◆ **Assignment**: Write out exactly, please, every line from the beginning of the entries to the line holding "TV Console Table", and no pictures.

** Opening Provided records block **

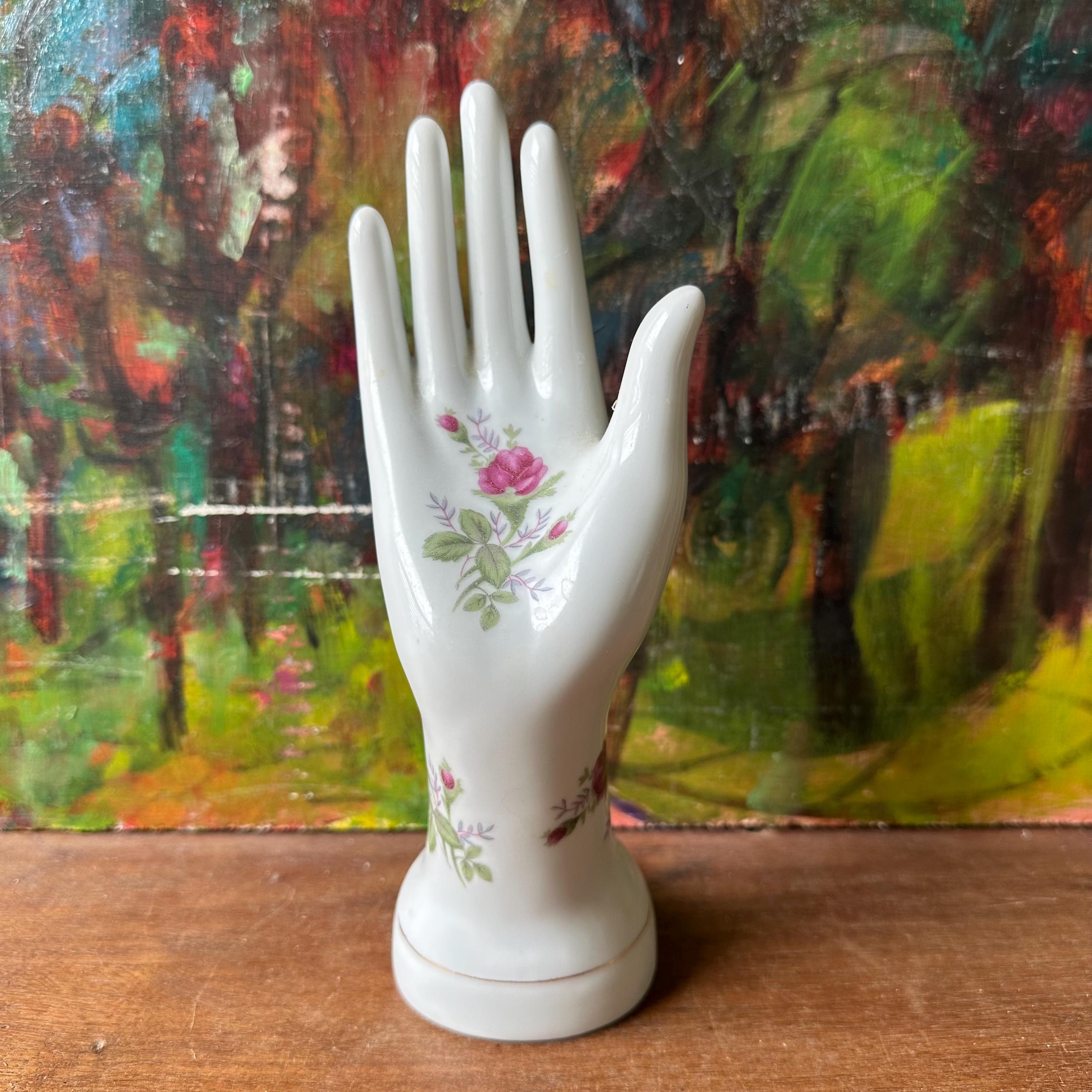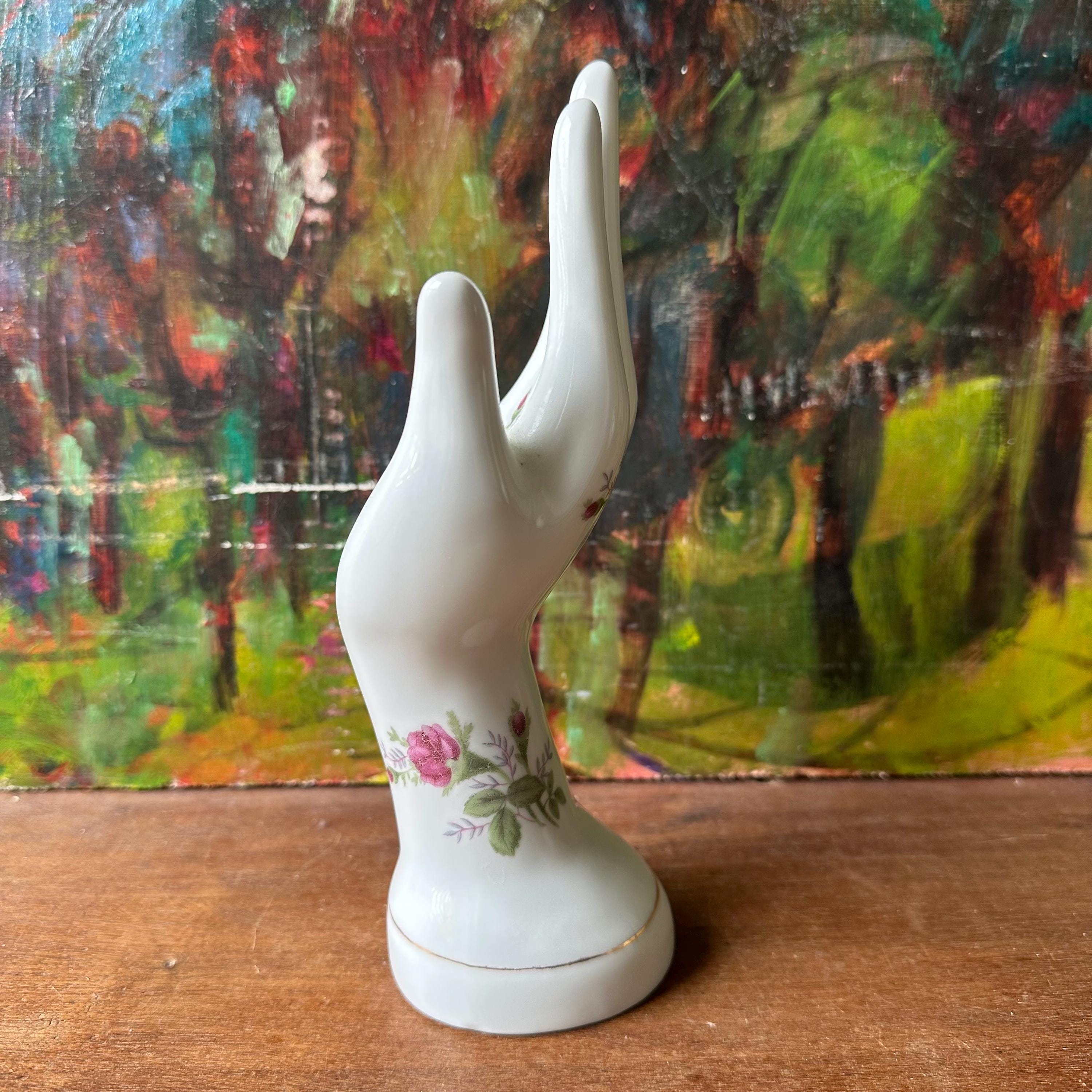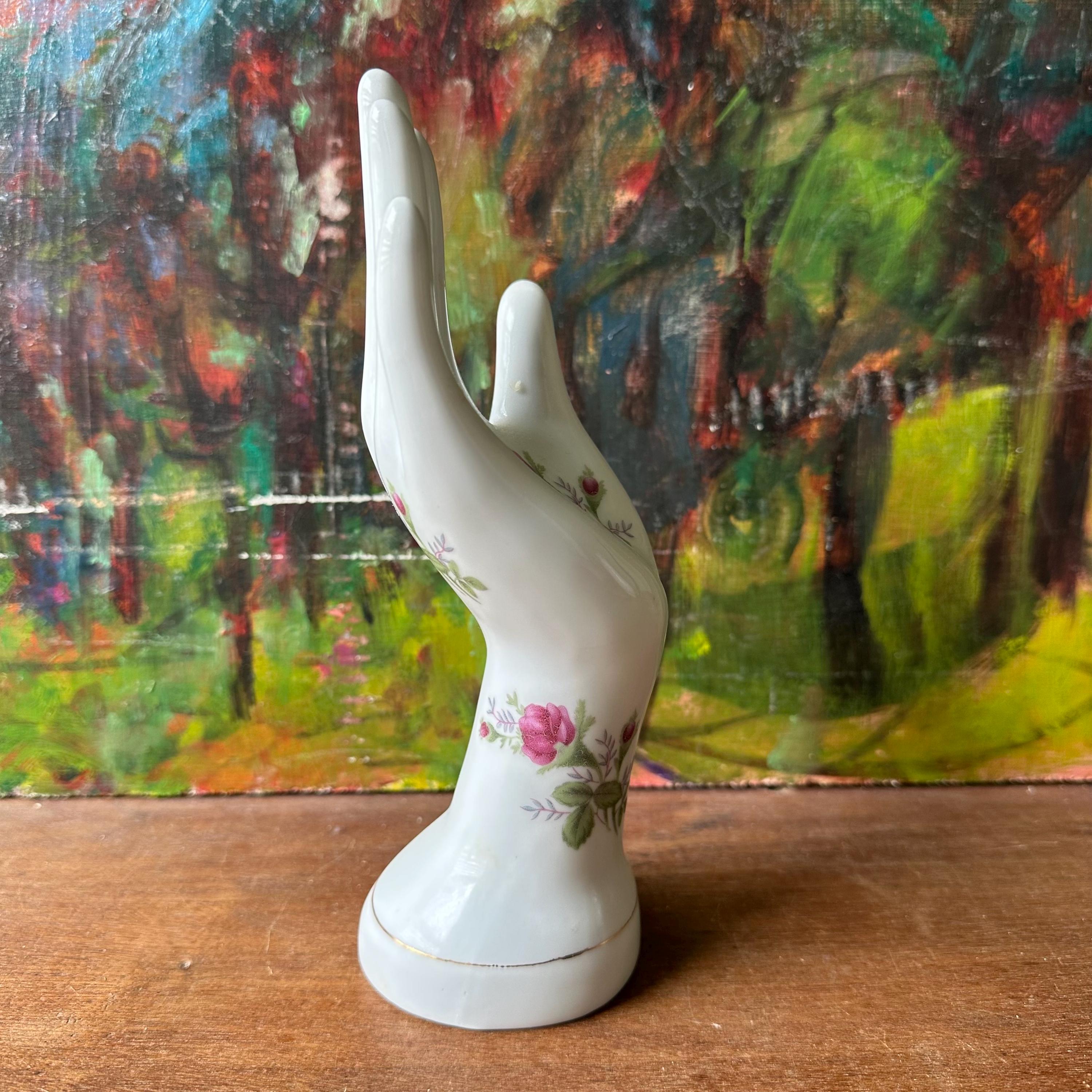This is a vintage ceramic hand designed to hold bracelets, rings, and other jewelry. It is white with a pink rose pattern on both front, back, and sides. The base is oval with a thin gold line all the way around. There is no makers mark.
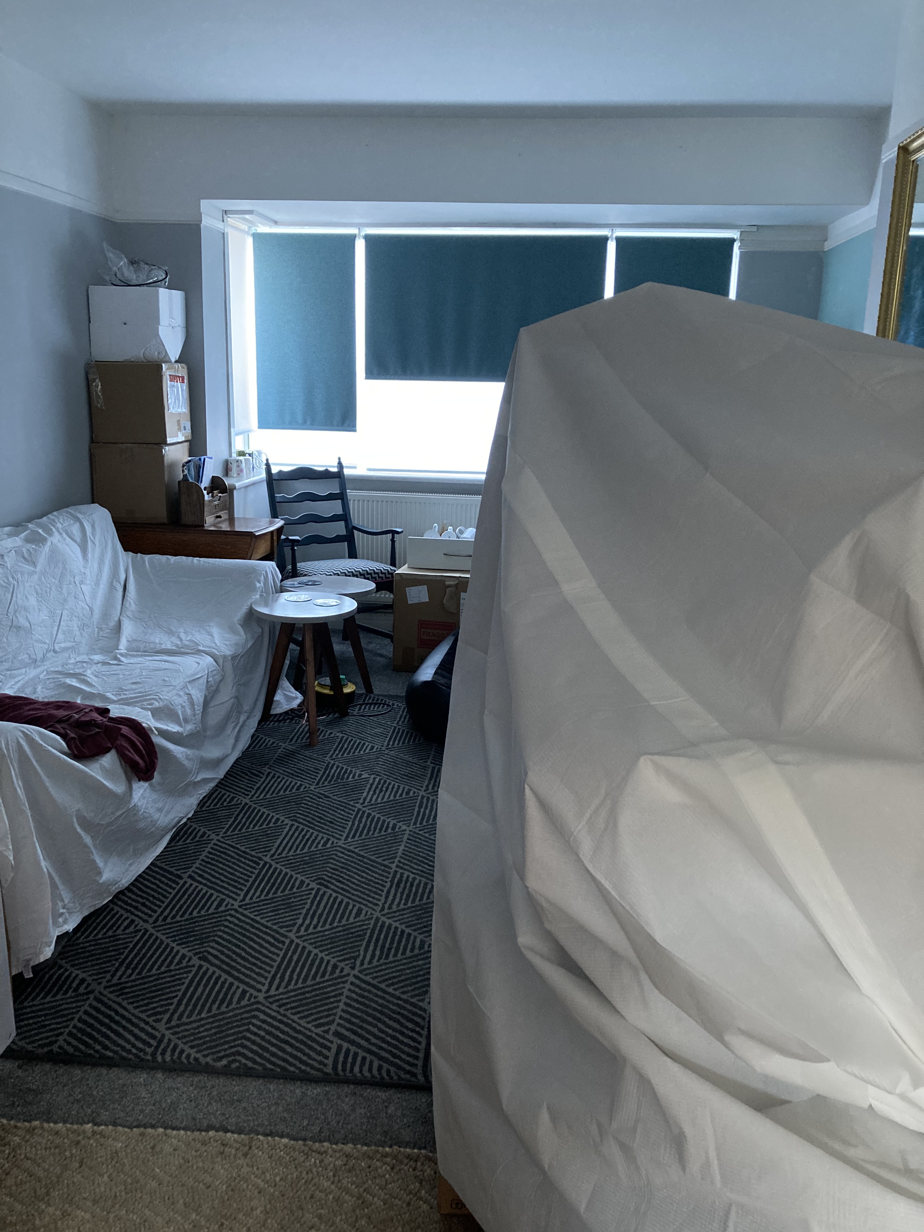 I got ready for demolition by moving furniture into storage (half price for 8 weeks at LoknStore) and covering everything else – there has been a bit of okey kokey going on with chairs and side tables.
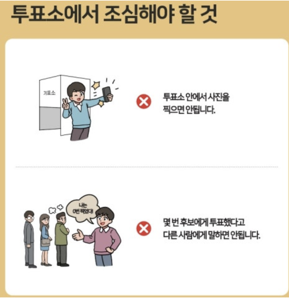 - 투표용지 촬영 금지: 기표소 안에서 촬영 행위는 불법입니다.
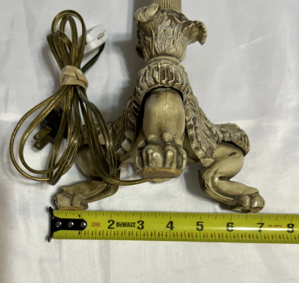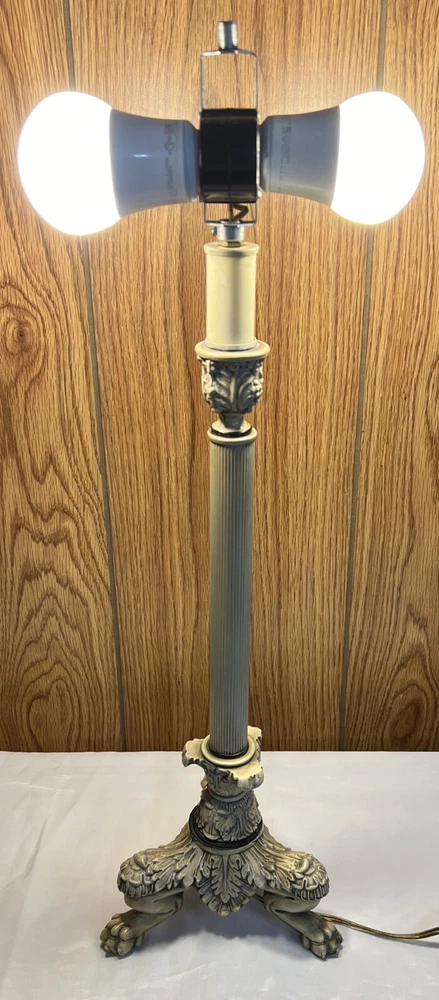 ** BEAUTIFUL VINTAGE CHAPMAN FRENCH EMPIRE ANIMAL CLAW / FILAGREE 23” INCH TABLE LAMP** & WEIGHS JUST OVER 4lbs ** CLAWS MEASURE 7” APART FROM EACH OTHER ** DUEL BULB LIGHTING ** MADE & PAINTED TO LOOK LIKE A COLUMN / OR STATUE ** BASE IS METAL UNKNOWN IF CAST STEEL OR PAINTED BRASS OR BRONZE ** COMES FROM NON SMOKING HOME ** HAD ONE OWNER BEFORE ME ** GREAT PIECE FOR ANY KIND OF ROOM ** SHADE NOT INCLUDED IT IS FOR MODELING LAMP USE FOR MY STORE ONLY .. SORRY ** WILL BE PACKAGED & SHIPPED WITH EXTRA CARE ** SHIPS WITHIN 48 BUSINESS HOURS OF PURCHASE
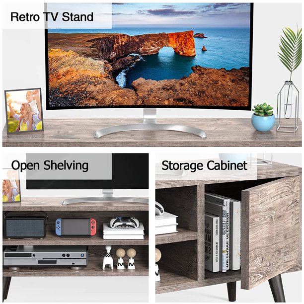 TV Console Table with Storage for 55 inch TV Retro Wood TV Stand & Entertainment Center for Living Room Bedroom - Walmart.com
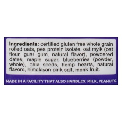 INGREDIENTS: Certified Gluten Free Whole Grain Rolled Oats, Pea Protein Isolate, Oat Mylk (Oat Flour, Guar Gum, Natural Flavors), Powdered Dates, Maple Sugar, Blueberries (Powder, Whole), Chia Seeds, Hemp Hearts, Natural Flavors, Himalayan Pink Salt, Monk Fruit.
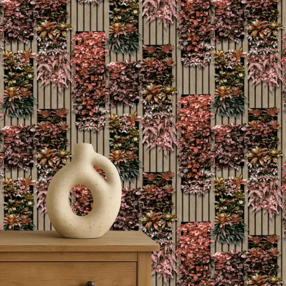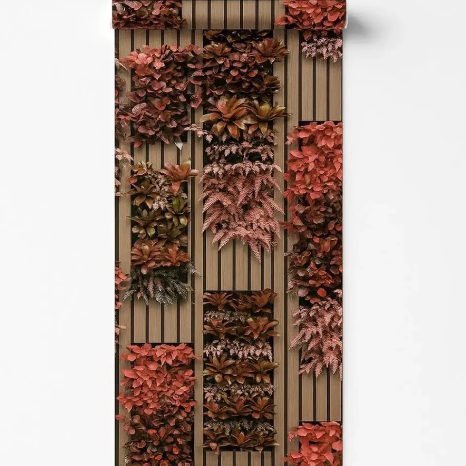 Het Artifice-vliesbehang met een motief van planken en planten in beige en bruintinten geeft je interieur een warme, natuurlijke uitstraling. Dit behang combineert de rustieke charme van houten planken met de levendige textuur van diverse bruinrode planten. Het patroon creërt een dynamisch en toch rustgevend effect, ideaal voor woonruimtes, slaapkamers of kantoren waar je een vleugje natuur wilt toevoegen. Dankzij het duurzame vliesmateriaal is dit behang eenvoudig aan te brengen en zorgt het voor een langdurig mooi resultaat. Perfect om een unieke, organische sfeer in je interieur te brengen.
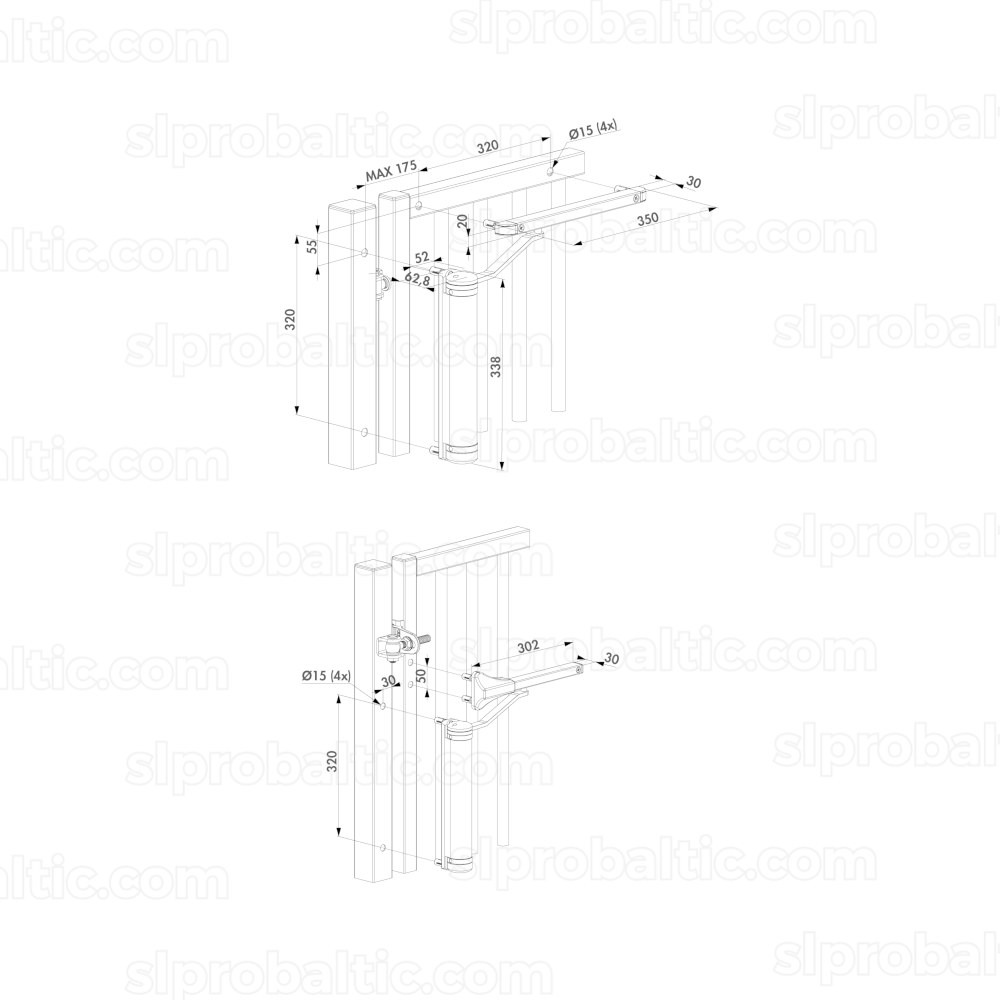 - Iekļauts sliežu komplekts - 90° un 180° atvēršanai
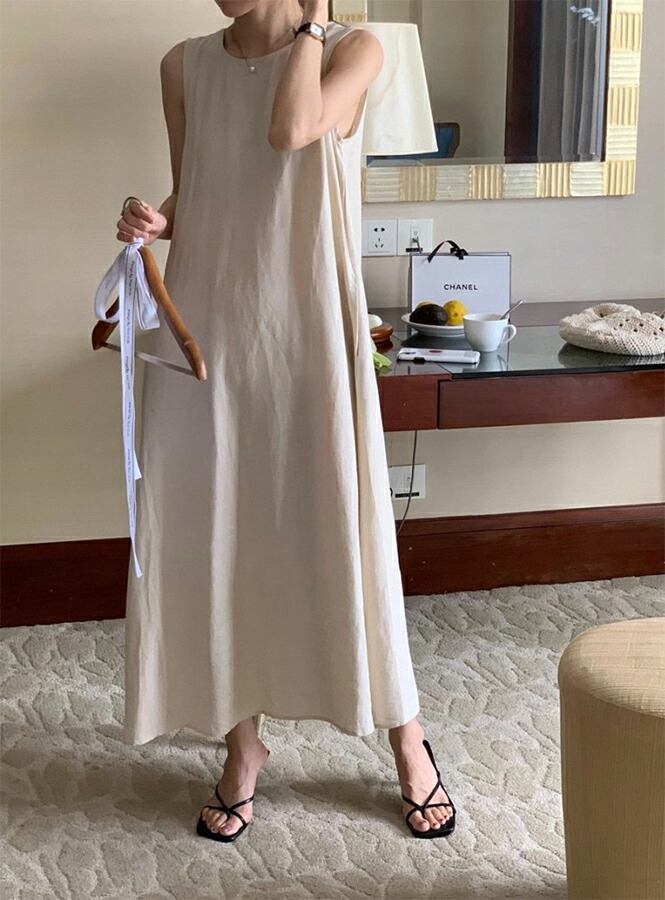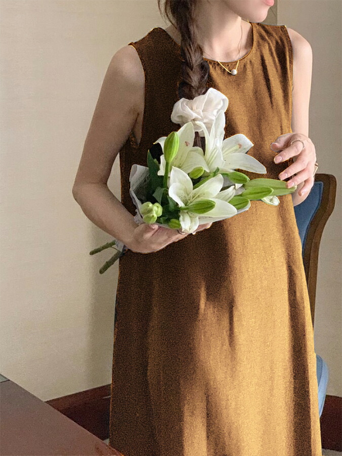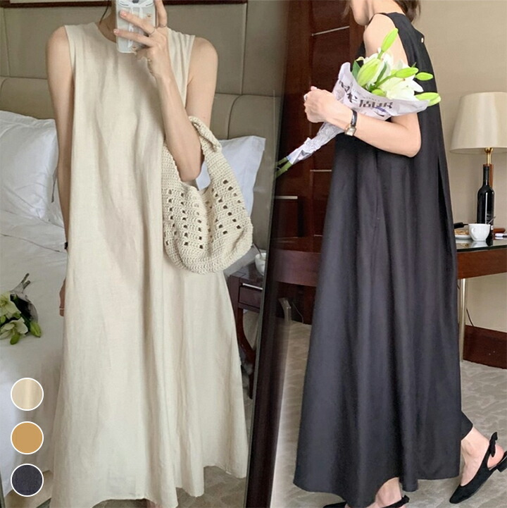1K 綿麻 スリット ワンピース レデ ワンピース 42%Off ベージュ ブラウン ブラック

** Closing Provided records block **

◆ **Answer section**:
This is a vintage ceramic hand designed to hold bracelets, rings, and other jewelry. It is white with a pink rose pattern on both front, back, and sides. The base is oval with a thin gold line all the way around. There is no makers mark.
 I got ready for demolition by moving furniture into storage (half price for 8 weeks at LoknStore) and covering everything else – there has been a bit of okey kokey going on with chairs and side tables.
 - 투표용지 촬영 금지: 기표소 안에서 촬영 행위는 불법입니다.
 ** BEAUTIFUL VINTAGE CHAPMAN FRENCH EMPIRE ANIMAL CLAW / FILAGREE 23” INCH TABLE LAMP** & WEIGHS JUST OVER 4lbs ** CLAWS MEASURE 7” APART FROM EACH OTHER ** DUEL BULB LIGHTING ** MADE & PAINTED TO LOOK LIKE A COLUMN / OR STATUE ** BASE IS METAL UNKNOWN IF CAST STEEL OR PAINTED BRASS OR BRONZE ** COMES FROM NON SMOKING HOME ** HAD ONE OWNER BEFORE ME ** GREAT PIECE FOR ANY KIND OF ROOM ** SHADE NOT INCLUDED IT IS FOR MODELING LAMP USE FOR MY STORE ONLY .. SORRY ** WILL BE PACKAGED & SHIPPED WITH EXTRA CARE ** SHIPS WITHIN 48 BUSINESS HOURS OF PURCHASE
 TV Console Table with Storage for 55 inch TV Retro Wood TV Stand & Entertainment Center for Living Room Bedroom - Walmart.com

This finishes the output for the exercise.